Directors' pay is going up and more of the compensation is coming in the form of cash rather than stock options.

According to a comprehensive analysis of director compensation at Fortune 500 companies, conducted by Executive Compensation Resources, a newsletter published by Towers Perrin, more companies are paying a premium for audit committee service and are paying additional fees to a lead director.

In addition, a number of companies are simplifying their director pay package by eliminating meeting fees in favor of a single cash retainer.

ECR analyzed the compensation of outside directors for 469 of the Fortune 500 companies that filed their 2003 proxies by May 28, 2004. It then compared this data for the same companies the prior year.

The results:

Total remuneration jumped 19 percent to a median $140,350.

Total cash increased 14 percent at the median.

Total annual/recurring stock compensation increased 17 percent at the median.

About 40 percent of the pay was in cash, 60 percent in stock for both years.

In the study, total cash compensation is based on the following assumptions regarding board and committee cash fees: eight board meetings for all companies; four committee meetings per committee, the director sits on two "typical" committees and chairs one and the committee and board meetings occur on different days.

Towers Perrin also found that companies are changing the way they are compensating directors with equity, even though the overall use of stock remained the same over the past two years.

For example, 54 percent of companies used stock options in 2003, down from 63 percent the prior year.

On the other hand, the use of full-value shares increased, as 68 percent of companies awarded at least one type of full-value shares to their directors in 2003, up from 63 percent the prior year.

Companies are also recognizing the critical importance of the audit committee in the age of Sarbanes-Oxley, acknowledging these roles come with more responsibility and accountability.

For example, 23 percent of companies are paying retainers for serving on the audit committee, compared to 14 percent who pay retainers for service on other committees.

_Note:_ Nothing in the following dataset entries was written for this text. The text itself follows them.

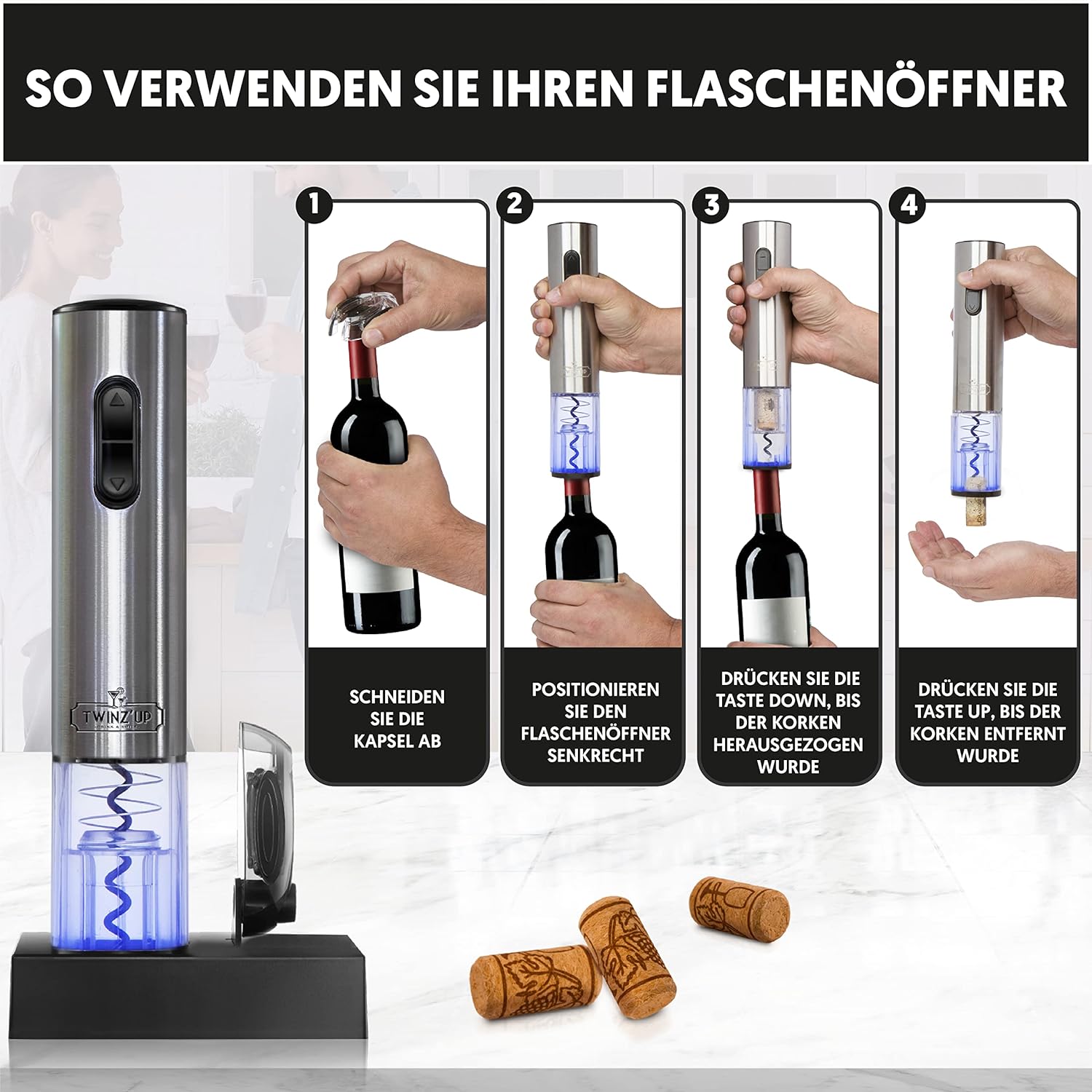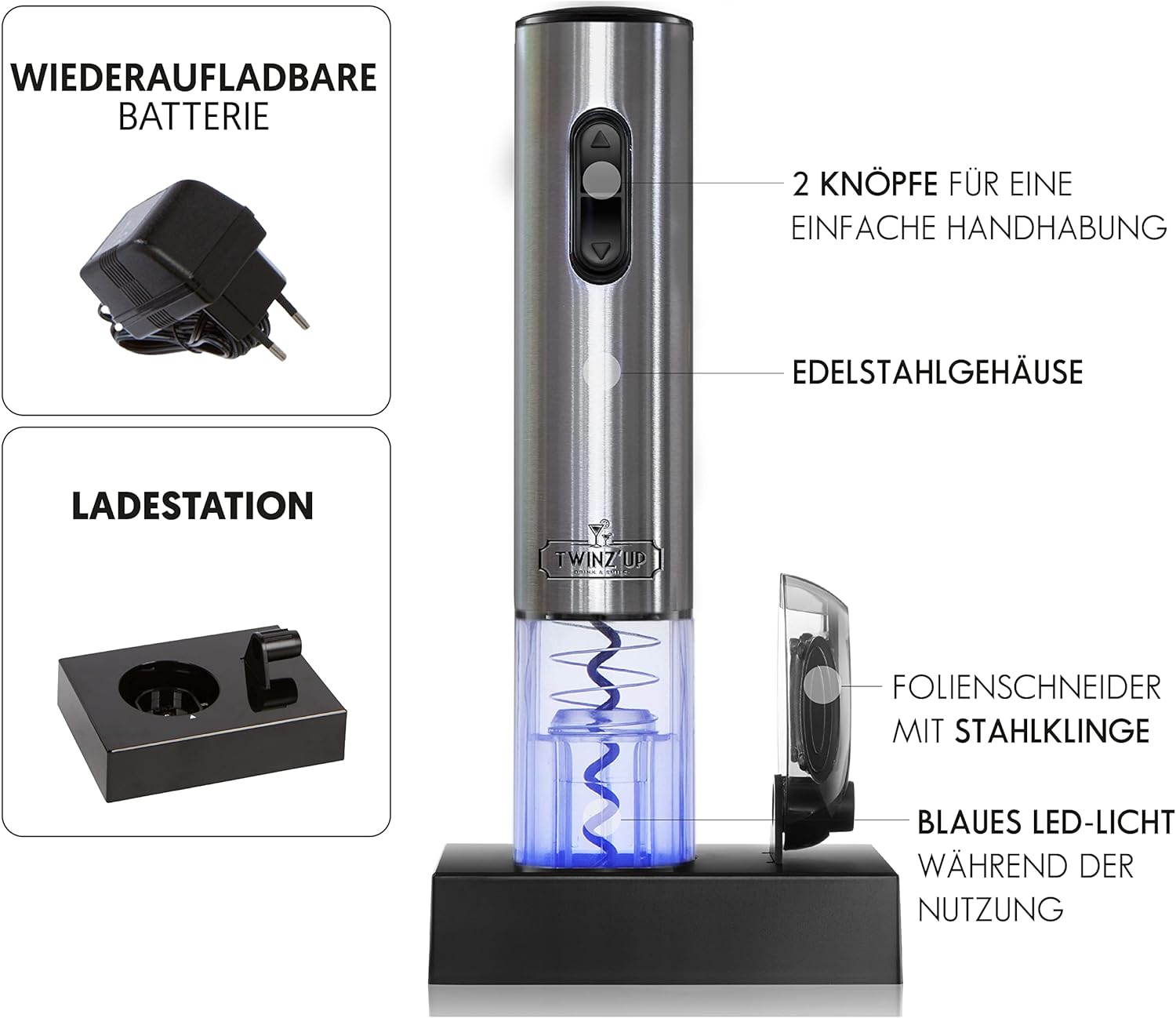 BEEINDRUCKEN SIE IHRE GÄSTE – Mit dem schnurlosen Flaschenöffner von Twinz’up öffnen Sie eine Flasche Wein in nur 8 Sekunden, indem Sie einfach auf einen Knopf drücken. Er leuchtet blau auf, wenn er eingeschaltet ist und der Korken herausgezogen wird. Der Korkenzieher funktioniert mit den meisten Flaschen- und Korkenarten (Kork oder Kunststoff). Das Öffnen Ihrer Flaschen war noch nie so einfach.
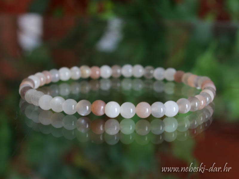 Narukvica od kuglica mjesečevog kamena izvrsne kvalitete na elastičnoj vrpci veličine cca. 16,5 cm. Veličina kamenčića cca. 3 - 4 mm
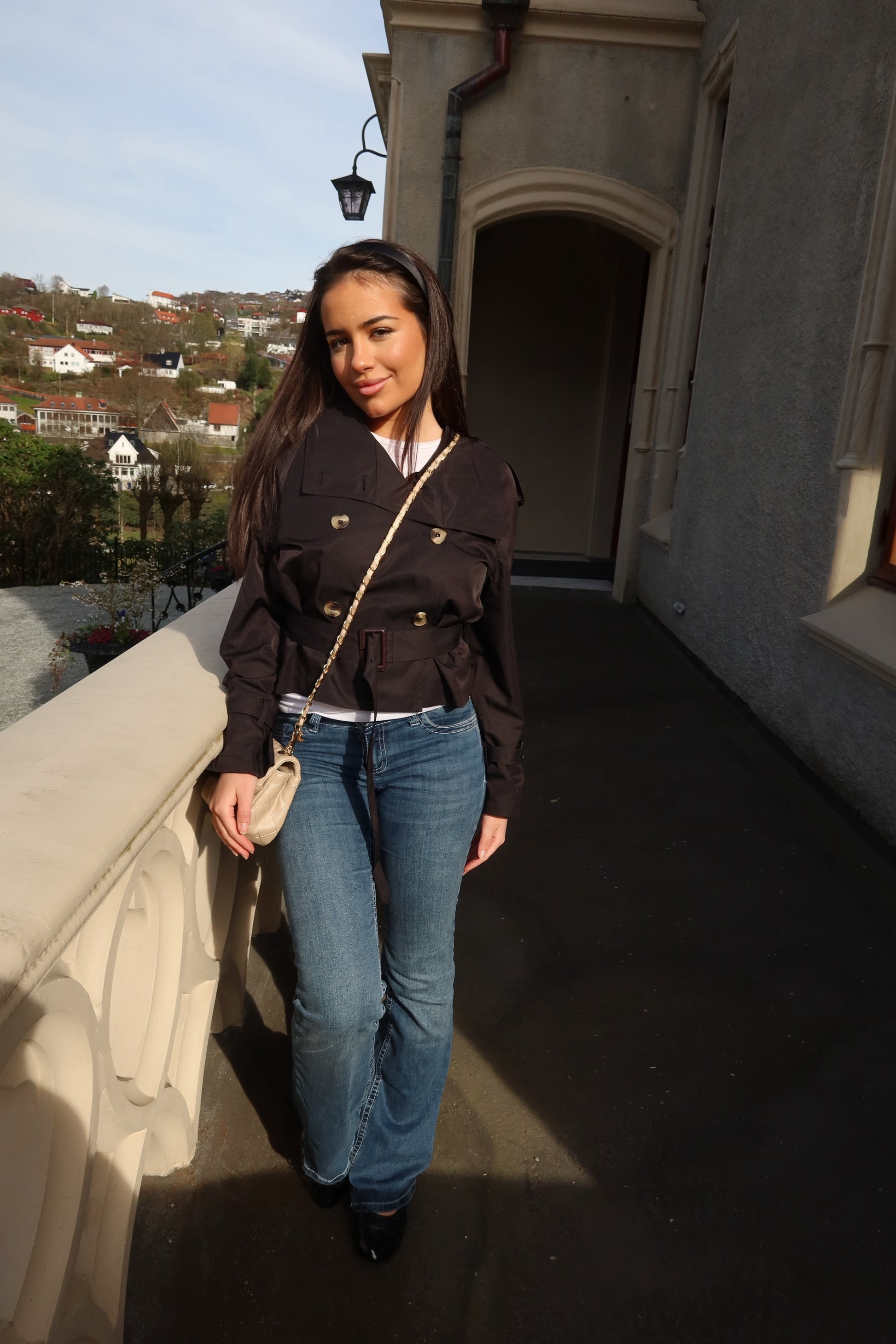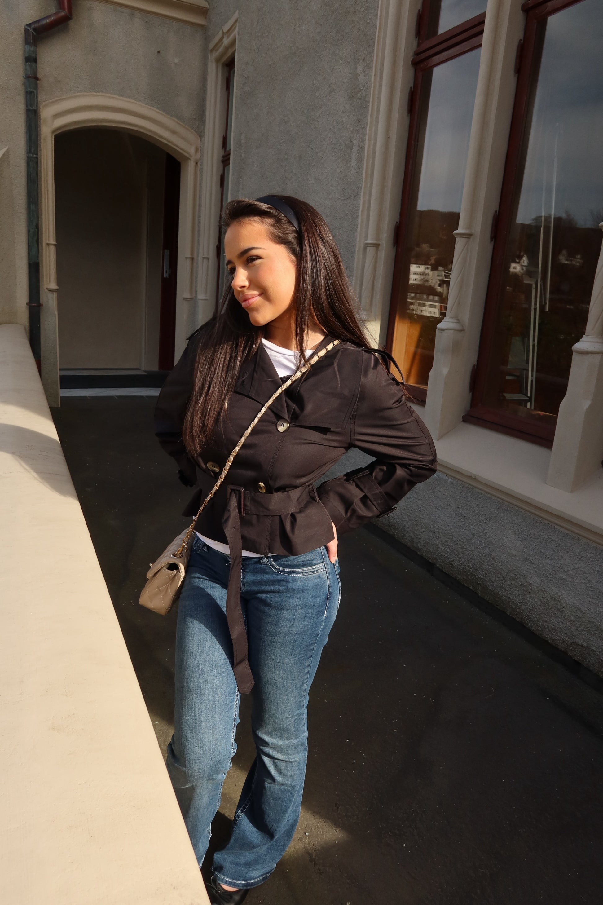 Klassisk trenchcoat med høy krage og knappelukking i front. Stormklaff bak, skulderklaffer og lange raglanermer gir et tidløst uttrykk. Diskré sidelommer og justerbart belte i midjen for en flatterende passform. Ermene har justerbare spenner. Uten fôr, perfekt for overgangssesonger.

In addition, 62 percent of those companies that pay retainers are paying directors more to serve on the audit committee than other committees.

The average retainer paid for audit committee service was $11,783, versus an average fee of $6,405 paid for service to other committees.

80 percent of the companies pay an additional retainer to the audit committee chair—a median of $10,000 compared to a median of $5,000 retainer paid to other committee chairs. The audit committee chair is expected to be a financial expert, and the position carries additional legal liability concerns.

The study also indicated that companies are slowly moving toward simplifying their fee structure for directors, moving to a flat fee and eliminating meeting fees. Altogether, 28 percent of companies pay a cash retainer and no meeting fees of any kind, according to Towers Perrin.

Another governance trend is the creation of a lead director. In the study, 11 percent of the companies paid additional fees to the lead director last year. And 90 percent of those companies paid a cash retainer that averaged an additional $27,160.

The study also showed that a growing number of directors own stock in the companies whose boards they serve. In fact, 35 percent of the companies said they have some sort of stock ownership guidelines, compared with 19 percent the prior year.

Judith Fischer, director of research for Towers Perrin, says the study "reflects new expectations [of directors]. Before, they were based on moral grounds, now they are based on fiduciary grounds."

She adds that the changes indicated in this year's study will not slow down any time soon. "The make-up of boards will change dramatically over the next two years," she says.